▶ Exercise goal
Beginning at the line that holds "Commuters travel on", repeat every line through the last line of the material, exactly, and drop any pictures.

▶ Available data

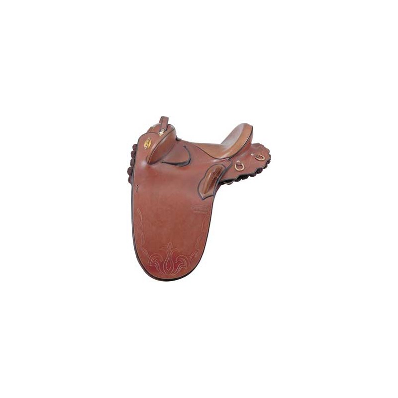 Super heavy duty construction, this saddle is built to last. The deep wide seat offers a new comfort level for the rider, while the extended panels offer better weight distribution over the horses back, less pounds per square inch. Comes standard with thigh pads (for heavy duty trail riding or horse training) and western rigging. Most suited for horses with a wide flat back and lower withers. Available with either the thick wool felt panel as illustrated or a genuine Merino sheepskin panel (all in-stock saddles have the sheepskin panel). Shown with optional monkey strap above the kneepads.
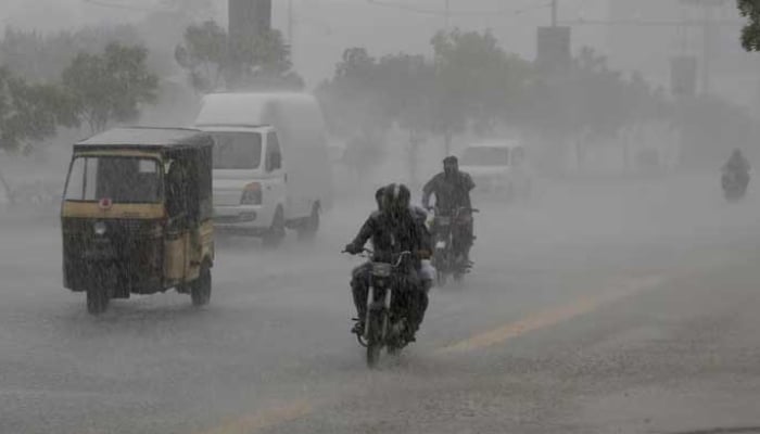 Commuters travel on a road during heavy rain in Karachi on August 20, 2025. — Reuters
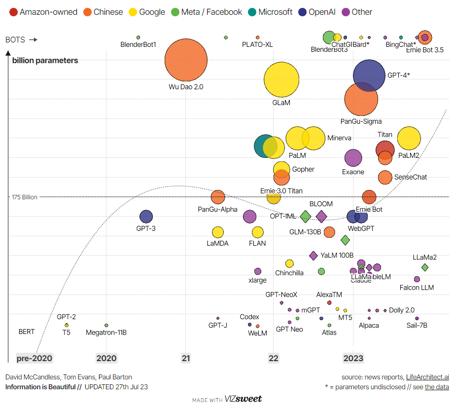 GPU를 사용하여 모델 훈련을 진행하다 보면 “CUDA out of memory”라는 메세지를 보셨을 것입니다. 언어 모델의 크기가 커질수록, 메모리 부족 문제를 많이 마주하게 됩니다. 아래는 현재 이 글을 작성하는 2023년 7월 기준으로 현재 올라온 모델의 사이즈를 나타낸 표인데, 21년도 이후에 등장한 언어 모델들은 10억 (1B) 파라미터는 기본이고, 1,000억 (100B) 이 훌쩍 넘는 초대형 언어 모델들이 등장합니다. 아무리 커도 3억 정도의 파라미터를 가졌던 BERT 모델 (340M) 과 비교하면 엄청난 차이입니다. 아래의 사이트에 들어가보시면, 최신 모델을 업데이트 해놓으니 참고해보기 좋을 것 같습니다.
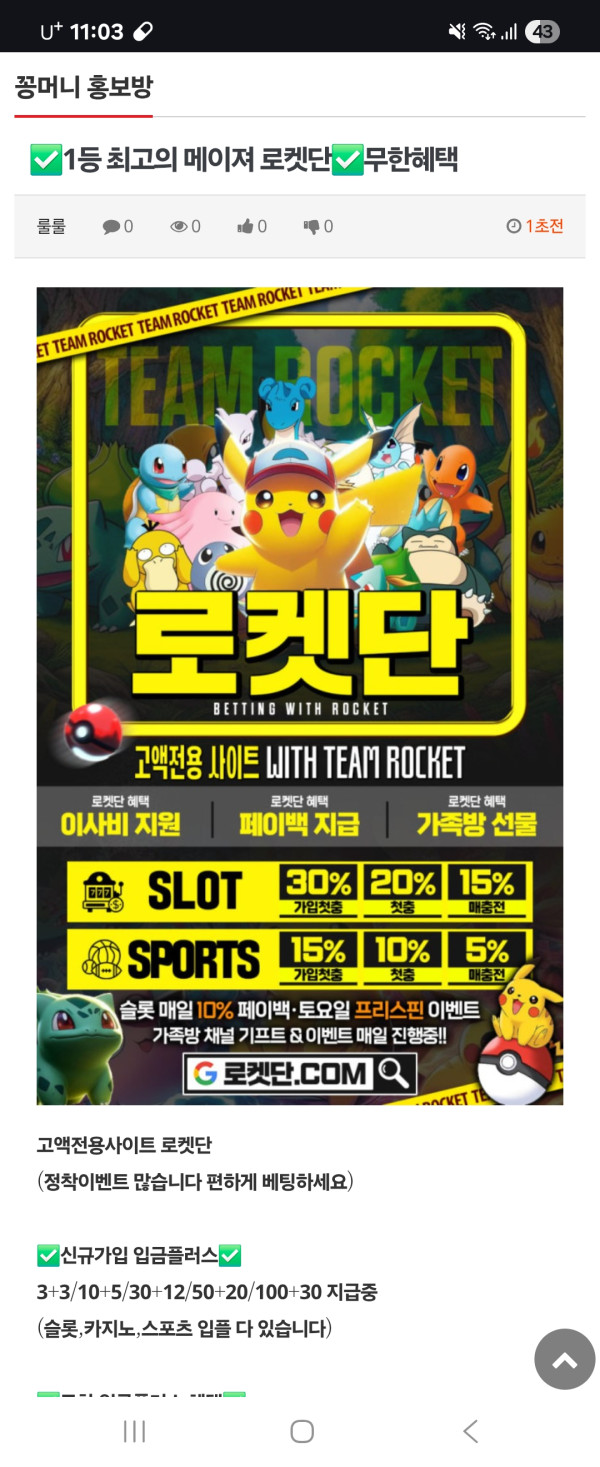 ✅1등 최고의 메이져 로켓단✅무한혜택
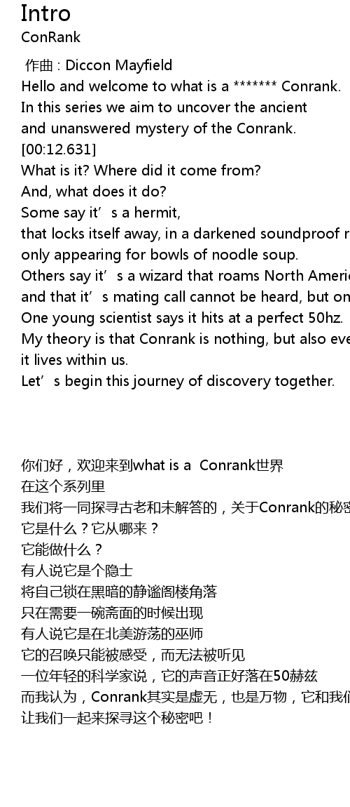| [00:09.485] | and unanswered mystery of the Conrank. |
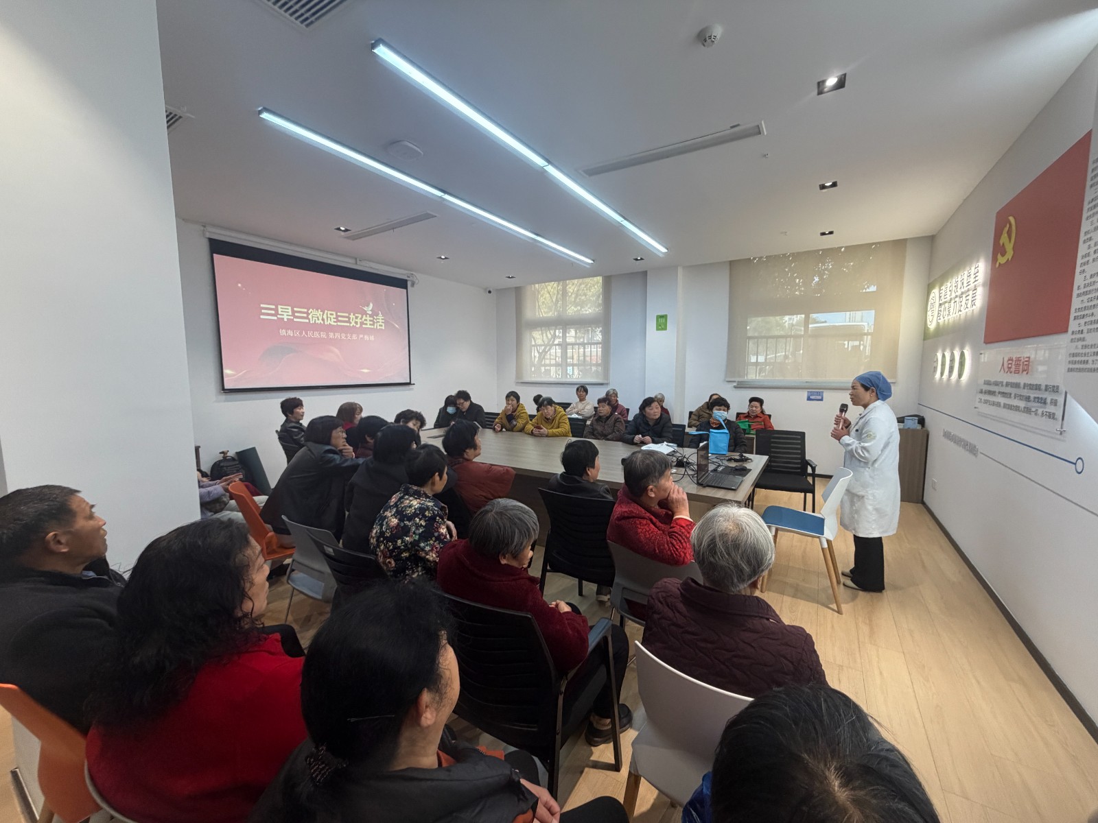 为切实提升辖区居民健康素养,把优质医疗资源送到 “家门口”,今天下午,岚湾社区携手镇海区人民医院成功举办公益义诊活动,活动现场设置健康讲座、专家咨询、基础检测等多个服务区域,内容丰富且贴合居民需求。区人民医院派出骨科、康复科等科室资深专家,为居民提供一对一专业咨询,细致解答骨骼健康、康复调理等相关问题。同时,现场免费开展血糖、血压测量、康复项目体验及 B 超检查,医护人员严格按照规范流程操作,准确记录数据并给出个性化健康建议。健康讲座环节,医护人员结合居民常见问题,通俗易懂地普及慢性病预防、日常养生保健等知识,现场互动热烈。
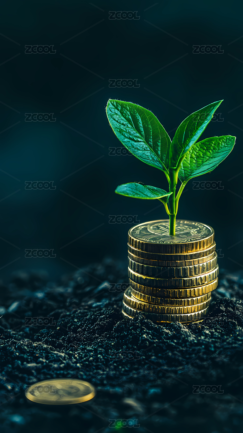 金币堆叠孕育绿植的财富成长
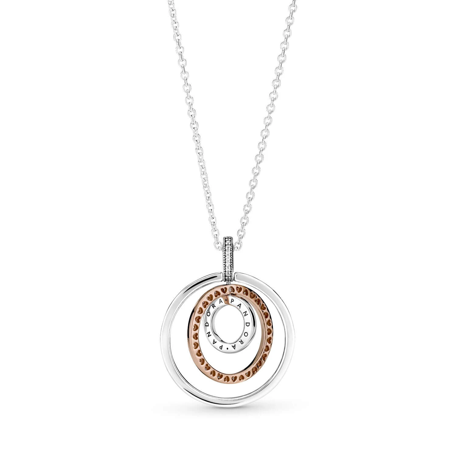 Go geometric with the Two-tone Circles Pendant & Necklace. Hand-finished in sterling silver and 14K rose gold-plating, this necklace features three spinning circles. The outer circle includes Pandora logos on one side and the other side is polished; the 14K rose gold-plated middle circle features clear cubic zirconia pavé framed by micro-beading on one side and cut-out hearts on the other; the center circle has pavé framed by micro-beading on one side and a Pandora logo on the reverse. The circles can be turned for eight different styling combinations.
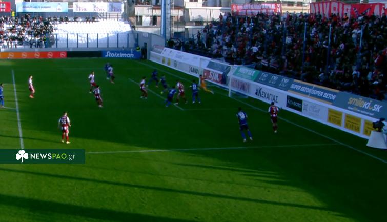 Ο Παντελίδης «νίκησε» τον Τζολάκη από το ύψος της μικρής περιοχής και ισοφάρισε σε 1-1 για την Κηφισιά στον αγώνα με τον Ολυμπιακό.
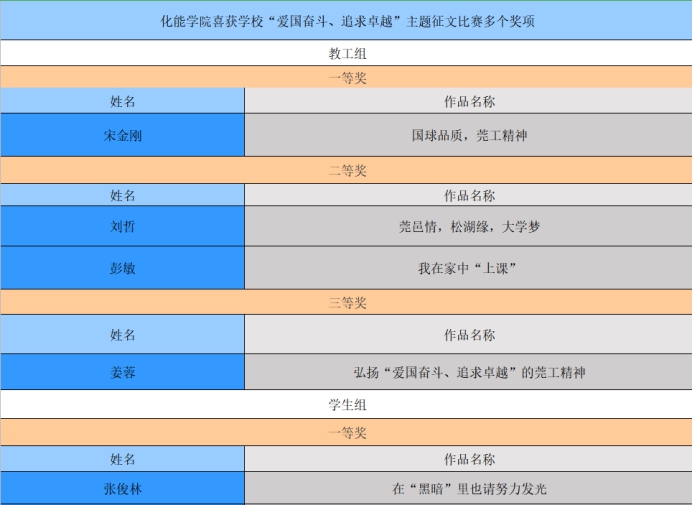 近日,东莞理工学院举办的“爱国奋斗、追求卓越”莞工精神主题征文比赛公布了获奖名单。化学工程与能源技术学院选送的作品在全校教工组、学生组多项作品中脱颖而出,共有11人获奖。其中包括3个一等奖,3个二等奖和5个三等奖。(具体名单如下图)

▶ The answer
 Commuters travel on a road during heavy rain in Karachi on August 20, 2025. — Reuters
 GPU를 사용하여 모델 훈련을 진행하다 보면 “CUDA out of memory”라는 메세지를 보셨을 것입니다. 언어 모델의 크기가 커질수록, 메모리 부족 문제를 많이 마주하게 됩니다. 아래는 현재 이 글을 작성하는 2023년 7월 기준으로 현재 올라온 모델의 사이즈를 나타낸 표인데, 21년도 이후에 등장한 언어 모델들은 10억 (1B) 파라미터는 기본이고, 1,000억 (100B) 이 훌쩍 넘는 초대형 언어 모델들이 등장합니다. 아무리 커도 3억 정도의 파라미터를 가졌던 BERT 모델 (340M) 과 비교하면 엄청난 차이입니다. 아래의 사이트에 들어가보시면, 최신 모델을 업데이트 해놓으니 참고해보기 좋을 것 같습니다.
 ✅1등 최고의 메이져 로켓단✅무한혜택
| [00:09.485] | and unanswered mystery of the Conrank. |
 为切实提升辖区居民健康素养,把优质医疗资源送到 “家门口”,今天下午,岚湾社区携手镇海区人民医院成功举办公益义诊活动,活动现场设置健康讲座、专家咨询、基础检测等多个服务区域,内容丰富且贴合居民需求。区人民医院派出骨科、康复科等科室资深专家,为居民提供一对一专业咨询,细致解答骨骼健康、康复调理等相关问题。同时,现场免费开展血糖、血压测量、康复项目体验及 B 超检查,医护人员严格按照规范流程操作,准确记录数据并给出个性化健康建议。健康讲座环节,医护人员结合居民常见问题,通俗易懂地普及慢性病预防、日常养生保健等知识,现场互动热烈。
 金币堆叠孕育绿植的财富成长
 Go geometric with the Two-tone Circles Pendant & Necklace. Hand-finished in sterling silver and 14K rose gold-plating, this necklace features three spinning circles. The outer circle includes Pandora logos on one side and the other side is polished; the 14K rose gold-plated middle circle features clear cubic zirconia pavé framed by micro-beading on one side and cut-out hearts on the other; the center circle has pavé framed by micro-beading on one side and a Pandora logo on the reverse. The circles can be turned for eight different styling combinations.
 Ο Παντελίδης «νίκησε» τον Τζολάκη από το ύψος της μικρής περιοχής και ισοφάρισε σε 1-1 για την Κηφισιά στον αγώνα με τον Ολυμπιακό.
 近日,东莞理工学院举办的“爱国奋斗、追求卓越”莞工精神主题征文比赛公布了获奖名单。化学工程与能源技术学院选送的作品在全校教工组、学生组多项作品中脱颖而出,共有11人获奖。其中包括3个一等奖,3个二等奖和5个三等奖。(具体名单如下图)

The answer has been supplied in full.